But the number of innovative ideas is actually relatively low. We need them, right? And innovation creates a whole new opportunity. Like when some guy invented the internet, right? Like, that was a big thing. The million people that wrote software against that were mostly doing engineering software writing. So the elaboration of that idea was huge.
- I don't know if you know Brendan Eich, he wrote JavaScript in 10 days. And that's an interesting story. It makes me wonder, and it was, you know, famously for many years considered to be a pretty crappy programming language. Still is, perhaps. It's been improving sort of consistently. But the interesting thing about that guy is, you know, he doesn't get any awards.
(laughs) You don't get a Nobel Prize, or a Fields Medal, or-- - For inventing a crappy piece of, you know, software code that-- - Well, that is currently the number one programming language in the world, and runs, now is increasingly running the back end of the internet. - Well, does he know why everybody uses it?
Like, that would be an interesting thing. Was it the right thing at the right time? 'Cause like, when stuff like JavaScript came out, like there was a move from, you know, writing C programs in C++ to, let's call it, what they call managed code frameworks. Where you write simple code, it might be interpreted, it has lots of libraries, productivity is high, and you don't have to be an expert.
So, you know, Java was supposed to solve all the world's problems, it was complicated. JavaScript came out, you know, after a bunch of other scripting languages. I'm not an expert on it, but-- - Yeah. - But was it the right thing at the right time? - The right thing at the right-- - Or was there something, you know, clever?
'Cause he wasn't the only one. - There's a few elements. - And maybe if he figured out what it was. - No, he didn't-- - Then he'd get a prize. (laughs) Like that's-- - Constructive theory. - Yeah, you know, maybe his problem is he hasn't defined this. - Or he just needs a good promoter.
(laughs) - Well, I think there was a bunch of blog posts written about it, which is like, wrong is right, which is like doing the crappy thing fast, just like hacking together the thing that answers some of the needs, and then iterating over time, listening to developers, like listening to people who actually use the thing.
This is something you can do more in software. - Yep. - But the right time, like you have to sense, you have to have a good instinct of when is the right time for the right tool, and make it super simple, and just get it out there. The problem is, this is true with hardware, this is less true with software, is there's backward compatibility that just drags behind you as you try to fix all the mistakes of the past.

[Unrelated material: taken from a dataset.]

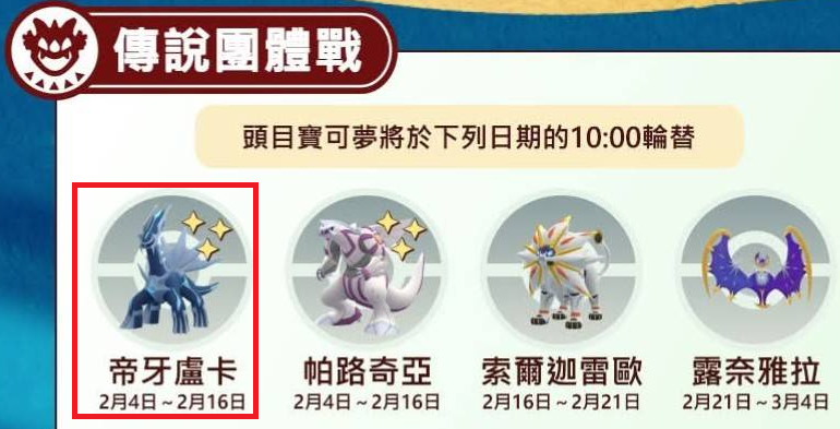 ● 02/04週三團體戰約會主角 : 帝牙盧卡、帕路奇亞 團體戰大量舉行

But the timing-- - Was good. - There's something about that, and it wasn't accidental. You have to like give yourself over to the, you have to have this broad sense of what's needed now, both scientifically and the community, and just like, it was obvious that there was no, the interesting thing about JavaScript is everything that ran in the browser at the time, like Java and I think other like scheme, other programming languages, they were all in a separate external container.
And then JavaScript was literally just injected into the webpage, it was the dumbest possible thing running in the same thread as everything else. And like, it was inserted as a comment. So JavaScript code is inserted as a comment in the HTML code. And it was, I mean, it's either genius or super dumb, but it's like-- - Right, so it has no apparatus for like a virtual machine and container, it just executed in the framework of the program that's already running.
- Yeah, that's cool. - And then because something about that accessibility, the ease of its use, resulted in then developers innovating of how to actually use it. I mean, I don't even know what to make of that, but it does seem to echo across different software, like stories of different software.
PHP has the same story, really crappy language. They just took over the world. - Well, we used to have a joke that the random length instructions, variable length instructions, that's always won, even though they're obviously worse. Like, nobody knows why. x86 is arguably the worst architecture on the planet, it's one of the most popular ones.
- Well, I mean, isn't that also the story of risk versus sys? I mean, is that simplicity? There's something about simplicity that us in this evolutionary process is valued. If it's simple, it spreads faster, it seems like. Or is that not always true? - Not always true. Yeah, it could be simple is good, but too simple is bad.
- So why did risk win, you think, so far? - Did risk win? - In the long arc of history. - We don't know. - So who's gonna win? What's risk, what's sys, and who's gonna win in that space, in these instruction sets? - AI software's gonna win, but there'll be little computers that run little programs like normal all over the place.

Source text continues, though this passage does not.